__ASSIGNMENT__
Exactly transcribe the span of lines from the one containing "In een cellofaan" through the final line of the entries, inclusive, and nothing outside it. Exclude the pictures.
-------- EXERCISE INPUTS --------
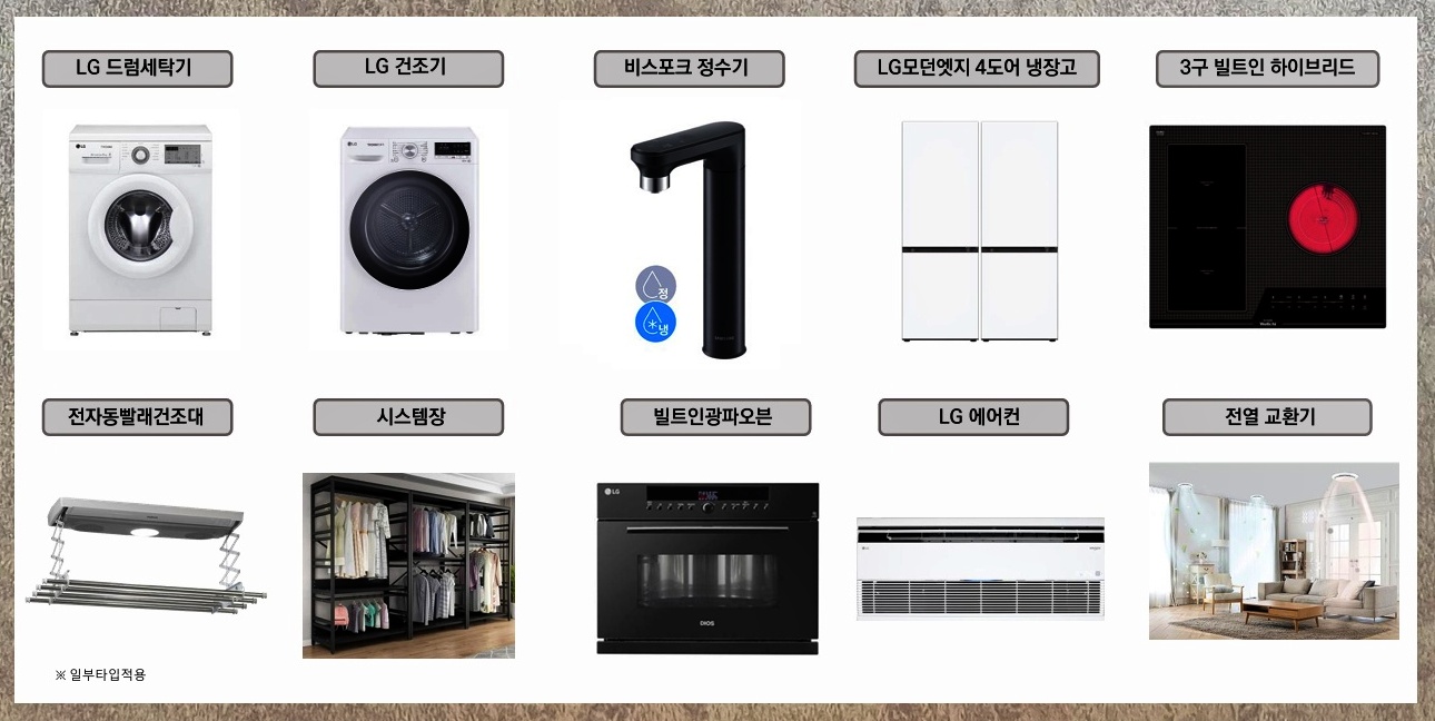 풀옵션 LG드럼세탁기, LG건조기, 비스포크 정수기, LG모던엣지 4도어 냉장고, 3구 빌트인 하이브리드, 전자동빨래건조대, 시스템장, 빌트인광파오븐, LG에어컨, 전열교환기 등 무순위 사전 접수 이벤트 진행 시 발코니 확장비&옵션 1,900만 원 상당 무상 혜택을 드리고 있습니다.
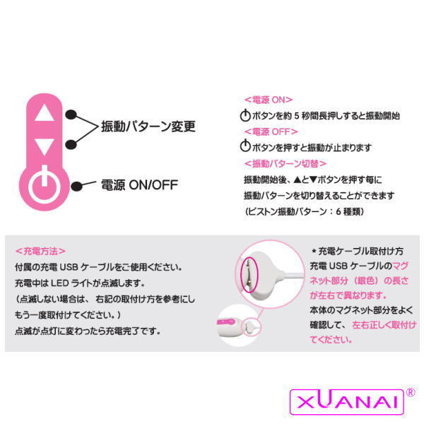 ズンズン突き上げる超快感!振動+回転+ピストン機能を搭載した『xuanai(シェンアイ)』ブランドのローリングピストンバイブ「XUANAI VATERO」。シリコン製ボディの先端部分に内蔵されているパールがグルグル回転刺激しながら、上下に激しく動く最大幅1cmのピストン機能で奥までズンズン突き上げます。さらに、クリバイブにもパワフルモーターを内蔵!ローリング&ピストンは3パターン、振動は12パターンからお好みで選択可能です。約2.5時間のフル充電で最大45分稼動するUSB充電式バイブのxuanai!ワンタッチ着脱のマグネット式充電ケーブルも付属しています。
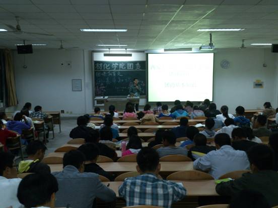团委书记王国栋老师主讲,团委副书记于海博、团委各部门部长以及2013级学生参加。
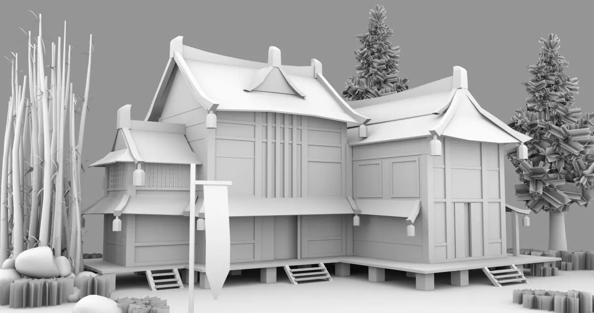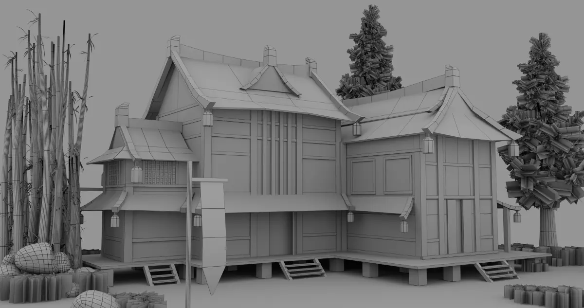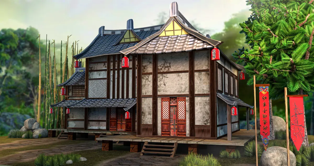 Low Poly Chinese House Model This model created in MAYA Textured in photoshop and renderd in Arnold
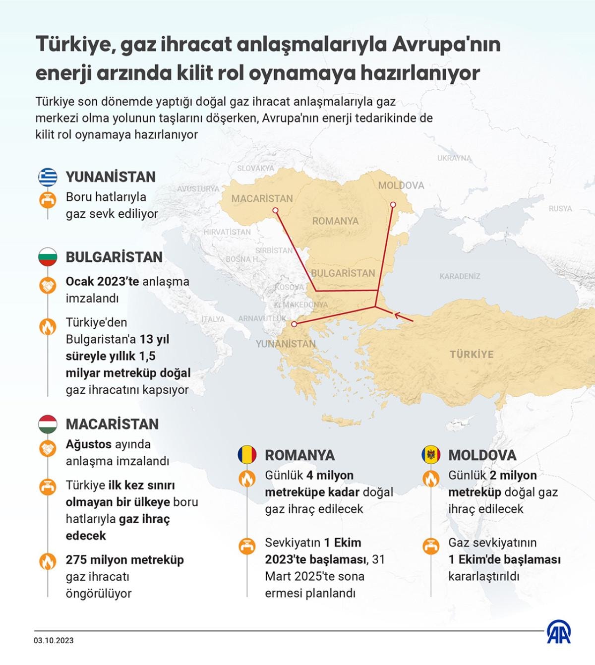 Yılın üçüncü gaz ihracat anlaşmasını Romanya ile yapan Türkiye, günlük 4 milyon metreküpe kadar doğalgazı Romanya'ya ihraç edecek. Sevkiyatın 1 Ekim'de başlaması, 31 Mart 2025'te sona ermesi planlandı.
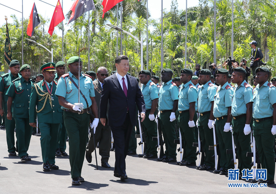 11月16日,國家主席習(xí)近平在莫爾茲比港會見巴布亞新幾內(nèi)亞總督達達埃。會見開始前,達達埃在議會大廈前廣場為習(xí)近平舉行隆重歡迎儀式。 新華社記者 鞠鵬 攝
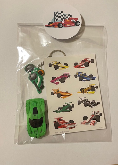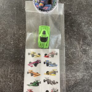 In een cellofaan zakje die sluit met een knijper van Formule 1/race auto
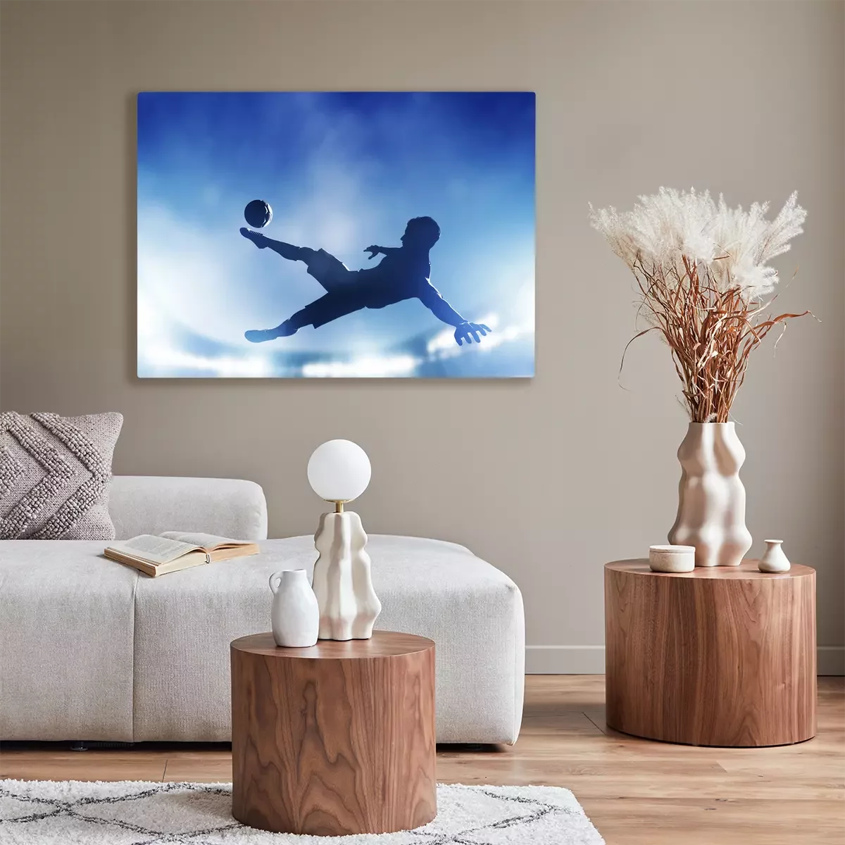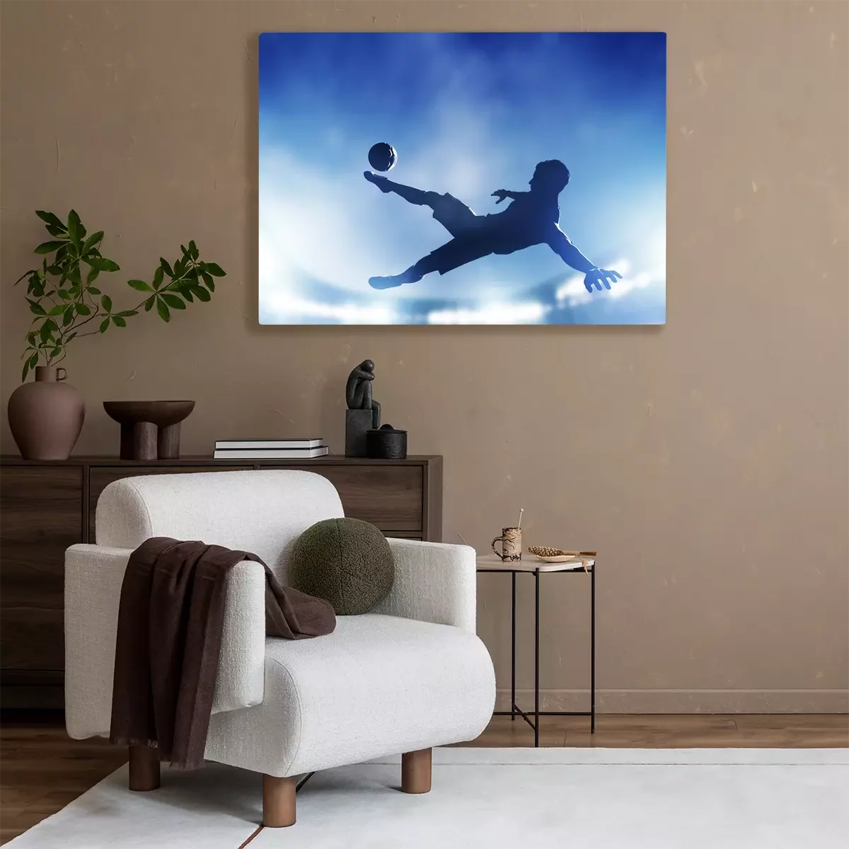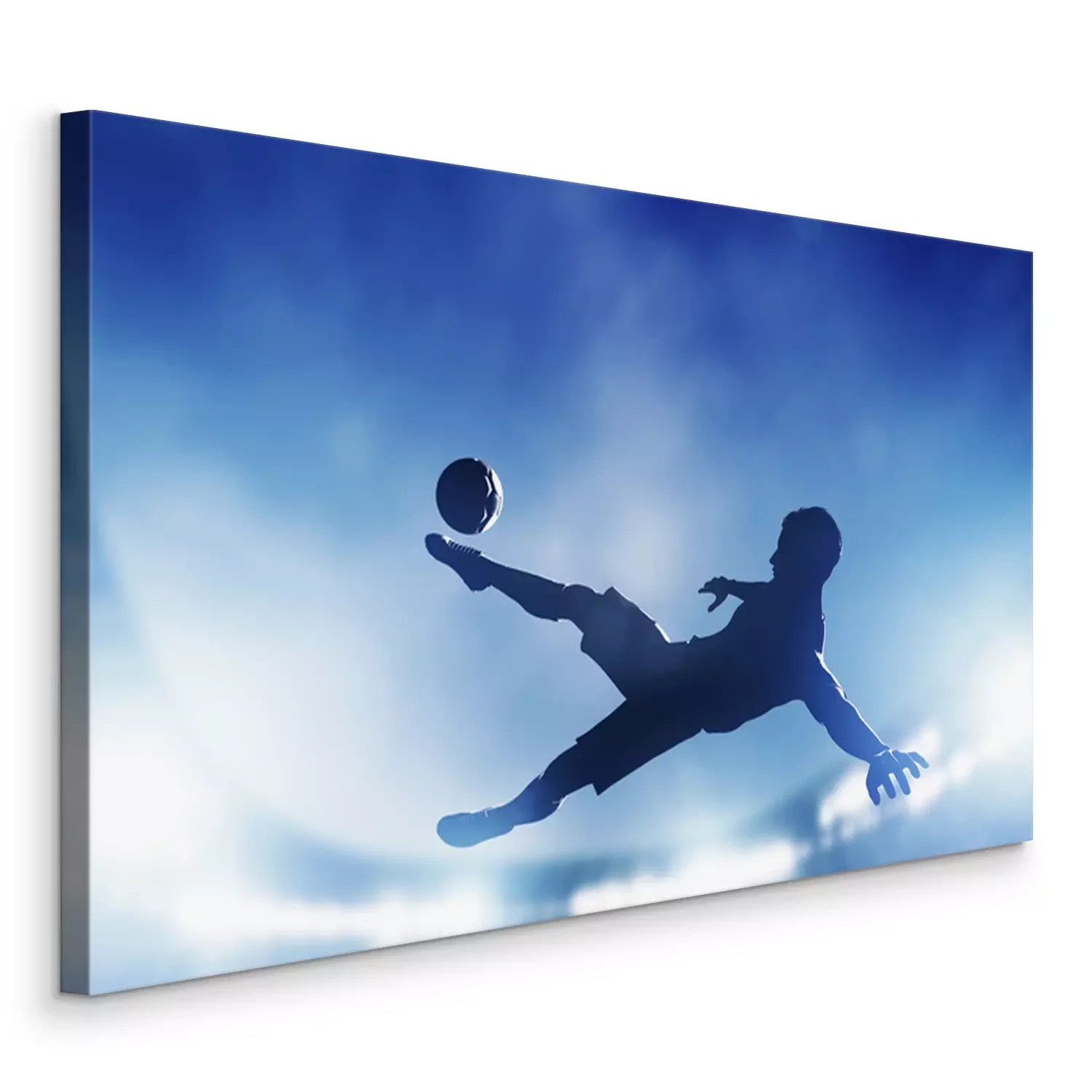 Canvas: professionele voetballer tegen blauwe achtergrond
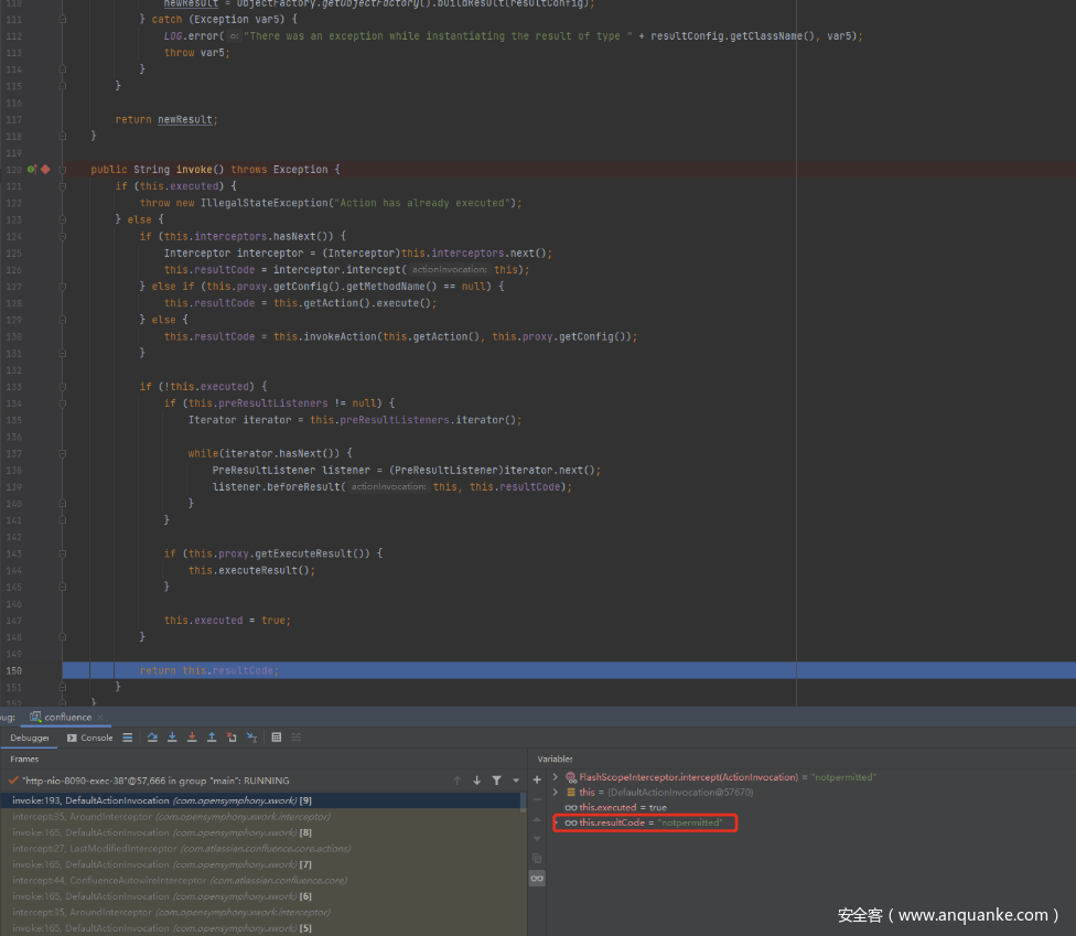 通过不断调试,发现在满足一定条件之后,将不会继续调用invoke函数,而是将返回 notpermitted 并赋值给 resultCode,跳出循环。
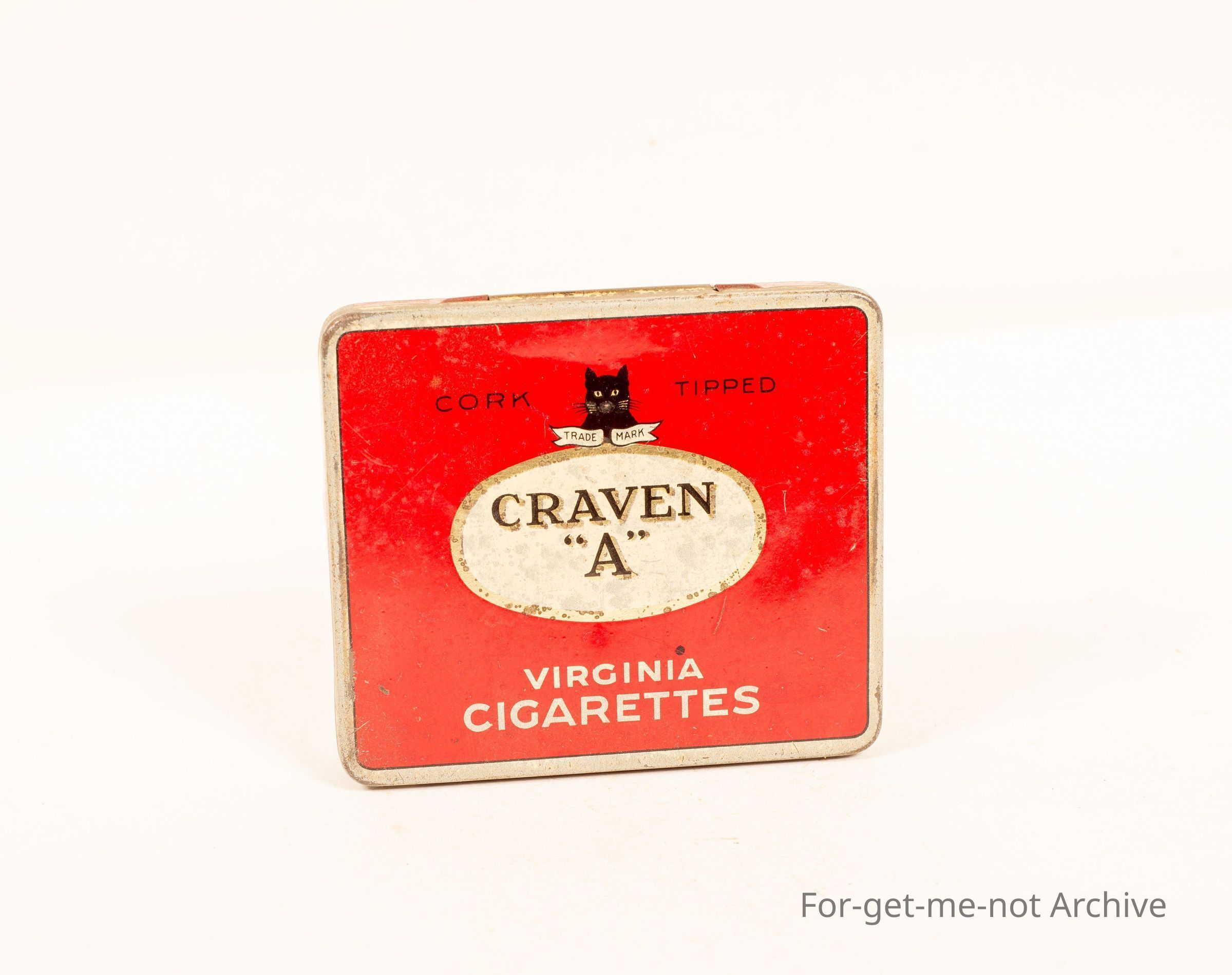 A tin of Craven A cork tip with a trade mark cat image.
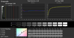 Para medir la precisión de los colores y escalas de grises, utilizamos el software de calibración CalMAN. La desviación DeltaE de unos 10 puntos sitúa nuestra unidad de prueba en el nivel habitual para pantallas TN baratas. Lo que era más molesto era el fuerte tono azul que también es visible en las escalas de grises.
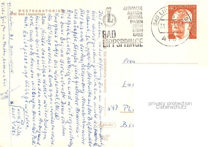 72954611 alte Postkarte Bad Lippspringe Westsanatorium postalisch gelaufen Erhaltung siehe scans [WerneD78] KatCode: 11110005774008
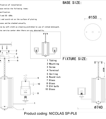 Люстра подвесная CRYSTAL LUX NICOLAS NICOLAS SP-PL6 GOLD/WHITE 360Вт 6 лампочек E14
--------
__SOLVED EXERCISE__
 In een cellofaan zakje die sluit met een knijper van Formule 1/race auto
 Canvas: professionele voetballer tegen blauwe achtergrond
 通过不断调试,发现在满足一定条件之后,将不会继续调用invoke函数,而是将返回 notpermitted 并赋值给 resultCode,跳出循环。
 A tin of Craven A cork tip with a trade mark cat image.
 Para medir la precisión de los colores y escalas de grises, utilizamos el software de calibración CalMAN. La desviación DeltaE de unos 10 puntos sitúa nuestra unidad de prueba en el nivel habitual para pantallas TN baratas. Lo que era más molesto era el fuerte tono azul que también es visible en las escalas de grises.
 72954611 alte Postkarte Bad Lippspringe Westsanatorium postalisch gelaufen Erhaltung siehe scans [WerneD78] KatCode: 11110005774008
 Люстра подвесная CRYSTAL LUX NICOLAS NICOLAS SP-PL6 GOLD/WHITE 360Вт 6 лампочек E14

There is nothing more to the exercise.